What else hasn't Leonardo done? Da Vinci Invented Natural Plastics

Feb. 4, 2004 — Leonardo da Vinci not only anticipated the airplane, the life jacket, the intercom and the robot, he also created the first natural plastic, according to an Italian scholar.

Alessandro Vezzosi, director of the Museo Ideale in the Tuscan town of Vinci, where the artist was born the illegitimate child of a Florentine notary and a peasant girl in 1452, found Leonardo's recipe for artificial materials in several pages of drawings and notes.


More pseudoscience A site devoted to an analysis of supposed electrical equipment represented by Egyptian carvings.

There are also a series of pages written by Frank Dörnenburg on the Dendera inscriptions starting at http://ourworld.compuserve.com/homepages/FDoernenburg/Dendera1.htm and continuing through ***Dendera7.htm. Note this beauty of a quote from page 6:

"An egyptologist may be a specialist in his area, but is he able do detect electrotechnical knowledge in old texts and pictures? Hardly. He would probably never come to the thought, because school book science anyhow categorically excludes this possibility."

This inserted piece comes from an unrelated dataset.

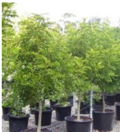
Fraxinus Griffithii - Evergreen Ash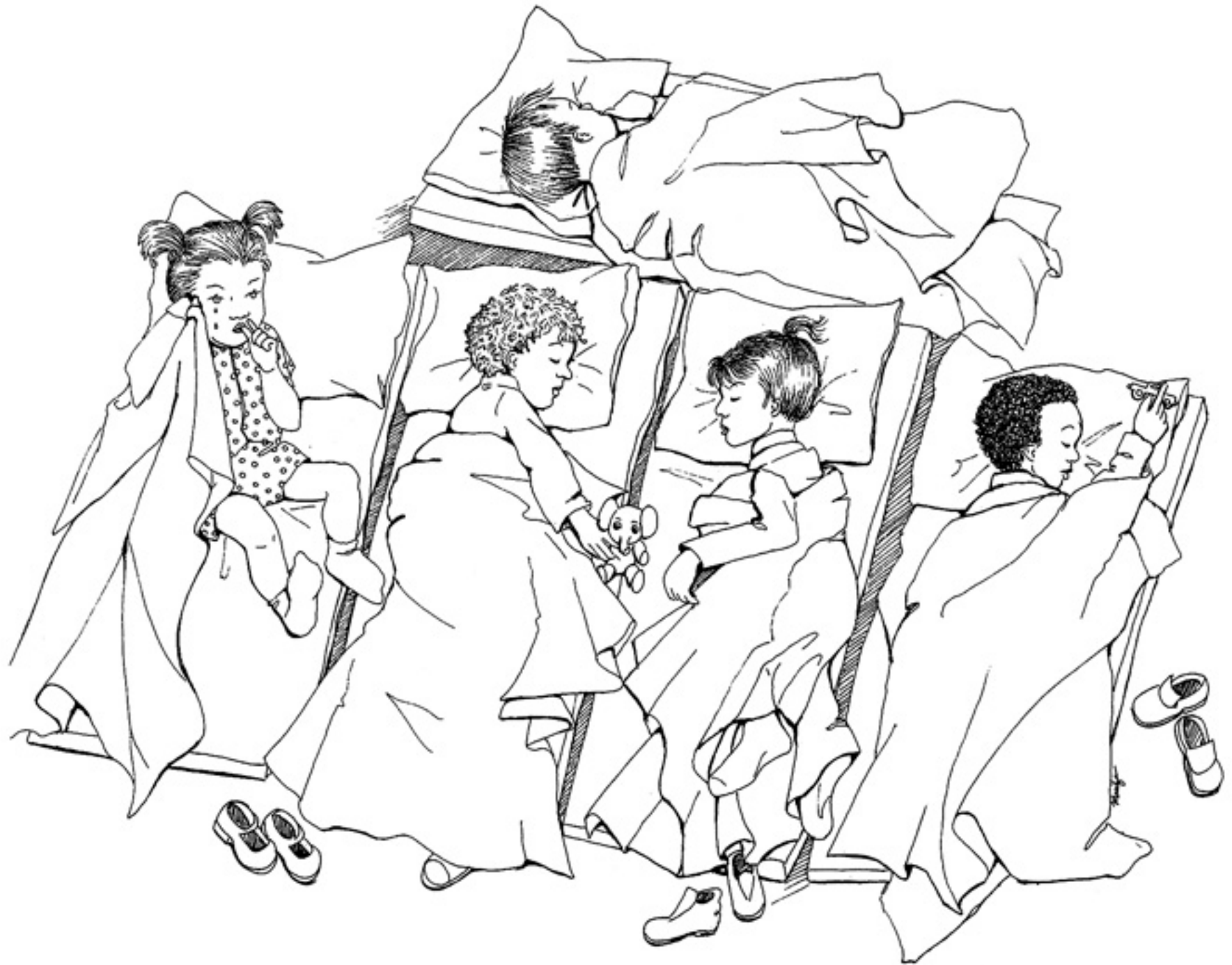
Illustration by Maritza Cantero

This is a classic argument of pseudoscientists (cranks, hucksters, etc.) about scientists: They're too devoted to their discipline's dogma to even consider alternative ideas. Fair enough criticism in its own way, but it unfortunately represents what has come to be a cardboard characterization of science and scientists throughout the 20th century and probably earlier. We've all seen the same basic scenario played out in countless books and movies: The hero is a reclusive, but brilliant researcher who works in near total isolation (usually in his/her home laboratory), who is derided by so-called "experts" in the field for his outlandish theories, but who finally triumphs over his close-minded detractors by showing everyone that he was right all along usually through some near-catastrophic occurrence (such as alien invaders or turning himself into a fly).

This basic storyline is probably only second in popularity to the one where scientists are messing with "things that mankind was not meant to tamper with".

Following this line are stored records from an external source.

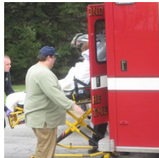
Missing UMaine student found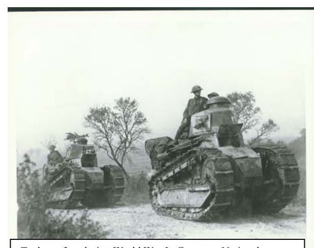
Tank warfare during World War I.

The language barrier posed the most obvious problem and after rudimentary interviews by military personnel, Hispanic recruits were grouped according to their language proficiency and were assigned officers who could speak Spanish. Most Hispanic draftees were trained at Camp Cody, New Mexico, but there were seven other camps where non-English speaking recruits were trained. This training for soldiers with limited English skills was called the "Camp Gordon Plan." However, WW I ended before its implementation.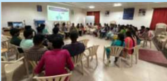
Participants attending the guest lecture

The IEI Students' Chapter Department of Computer Science and Engineering organized a guest lecture titled "Campus to Corporate - How HRM Facilitates the Transition" on 22 August 2024.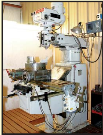
TURN-PRO GS18V VERTICAL TURRET MILL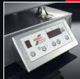
Electronic panel with TouchScreen principle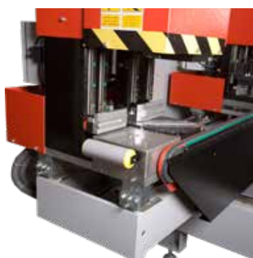
Detail welding head 1

I should interject at this point that one of my favorite current TV shows, "Stargate SG-1", is based on this very premise, as was much of "The X-Files" another favorite. Hey, it's make-believe.

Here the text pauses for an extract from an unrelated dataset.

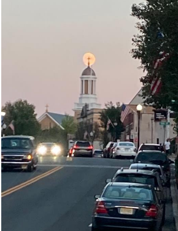
Light of Christ! Photo of the moon perfectly framing the cross over the cupula at Sacred Heart Church on the evening of September 18.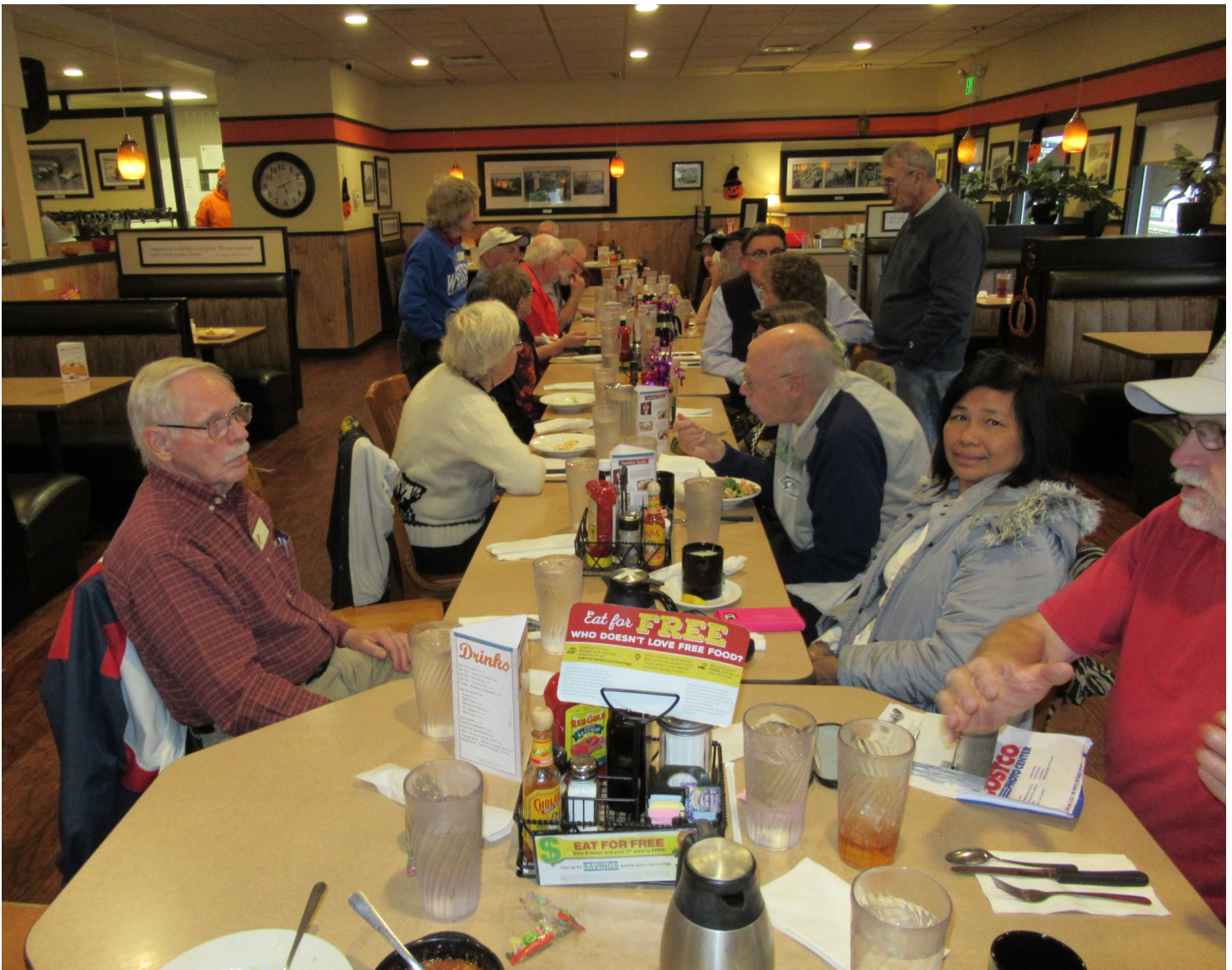
Dinner and birthday celebration at the "Country Pride" restaurant

In any case, the Dendera inscriptions are only the latest case of those poor old Egyptologists missing the boat on interpreting their texts. A few years ago, the famous "helicopter hieroglyphs" made the rounds of many an email discussion list. Von Daniken is once again a prominent figure in these debates. Really, if you want to make any money in this profession, just knock off a series of "controversial" books instead of slogging away at academic publications. It's way easier, plus you stand a good chance of someday getting on Oprah.